3. Spanier, J. E., Fridkin, V. M., Rappe, A. M., Akbashev, A. R., Polemi, A., Qi, Y., Gu, Z., Young, S. M., Hawley, C. J., Imbrenda, D., Xiao, G., Bennett-Jackson, A. L. & Johnson, C. L. Power conversion efficiency exceeding the Shockley–Queisser limit in a ferroelectric insulator. Nat. Photonics 10, 611–616 (2016).
4. Zenkevich, A., Matveyev, Y., Maksimova, K., Gaynutdinov, R., Tolstikhina, A. & Fridkin, V. Giant bulk photovoltaic effect in thin ferroelectric BaTiO3 films. Phys. Rev. B 90, 161409 (2014).
5. Kolb, B. & Kolpak, A. M. First-Principles Design and Analysis of an Efficient, Pb-Free Ferroelectric Photovoltaic Absorber Derived from ZnSnO3. Chem. Mater. 27, 5899–5906 (2015).
6. Tsao, J. Y. Materials Fundamentals of Molecular Beam Epitaxy. (Academic Press, 1992).

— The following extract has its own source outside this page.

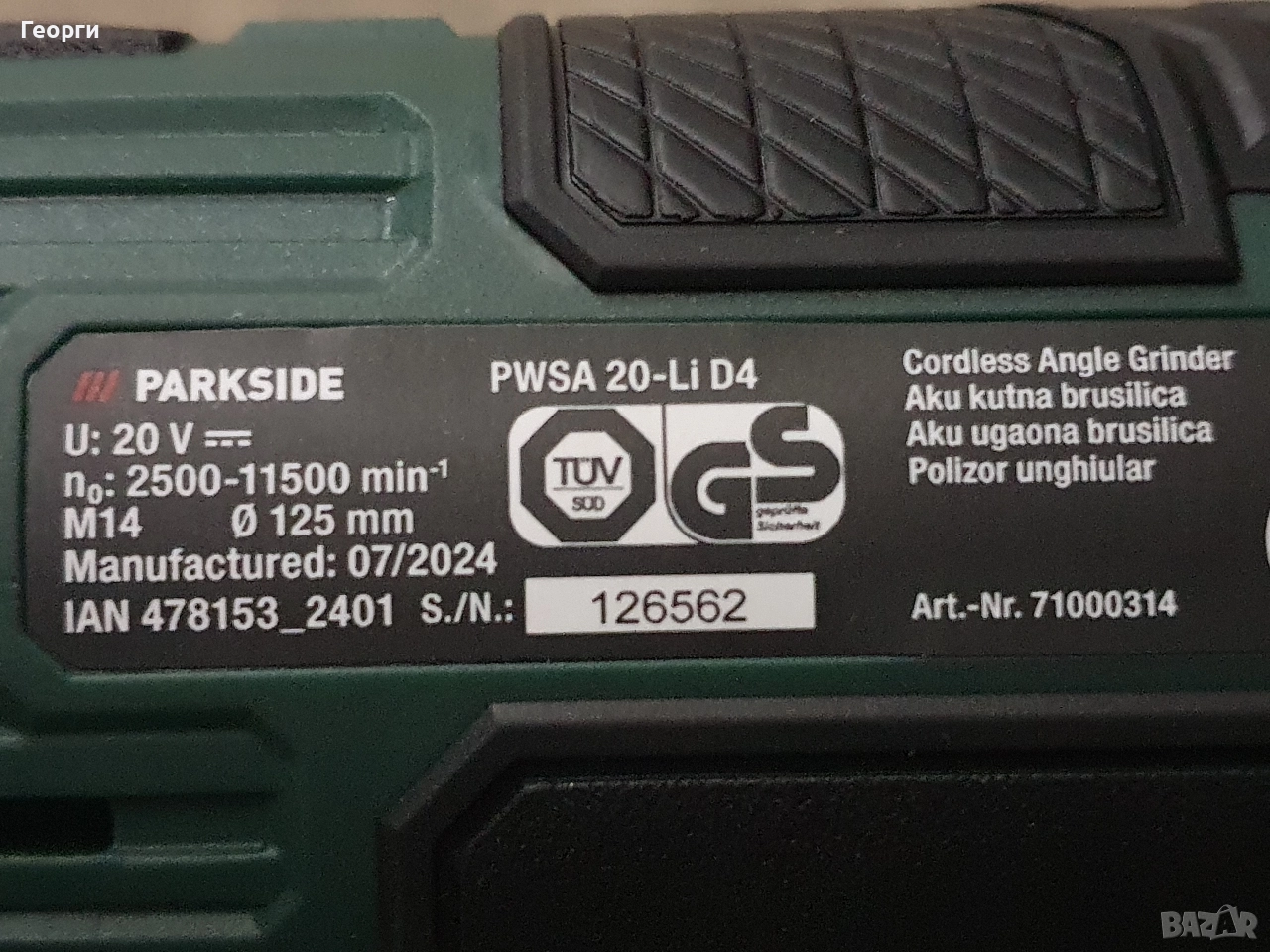Акумулаторен ъглошлайф Parkside PWSA 20-Li D4 → Обява 52979577

7.  Molecular Beam Epitaxy: From Research to Mass Production. (Elsevier, 2012). at <http://store.elsevier.com/Molecular-Beam-Epitaxy/isbn-9780123878397/>
8. Smith, E. H., Ihlefeld, J. F., Heikes, C. A., Paik, H., Nie, Y., Adamo, C., Heeg, T., Liu, Z.-K. & Schlom, D. G. Exploiting kinetics and thermodynamics to grow phase-pure complex oxides by molecular-beam epitaxy under continuous codeposition. Phys. Rev. Mater. 1, 023403 (2017).
9. Engel-Herbert, R. in Mol. Beam Epitaxy Res. Mass Prod. (ed. Henini, M.) 417–449 (Elsevier, 2012).
10. Leitner, J., Voňka, P., Sedmidubský, D. & Svoboda, P. Application of Neumann–Kopp rule for the estimation of heat capacity of mixed oxides. Thermochim. Acta 497, 7–13 (2010).
11. Bale, C. W., Bélisle, E., Chartrand, P., Decterov, S. A., Eriksson, G., Gheribi, A. E., Hack, K., Jung, I.-H., Kang, Y.-B., Melançon, J., Pelton, A. D., Petersen, S., Robelin, C., Sangster, J., Spencer, P. & Van Ende, M.-A. FactSage thermochemical software and databases, 2010–2016. Calphad 54, 35–53 (2016).
12. Filippone, S. A., Sun, Y.-Y. & Jaramillo, R. Determination of adsorption-controlled growth windows of chalcogenide perovskites. MRS Commun. 8, 145–151 (2018).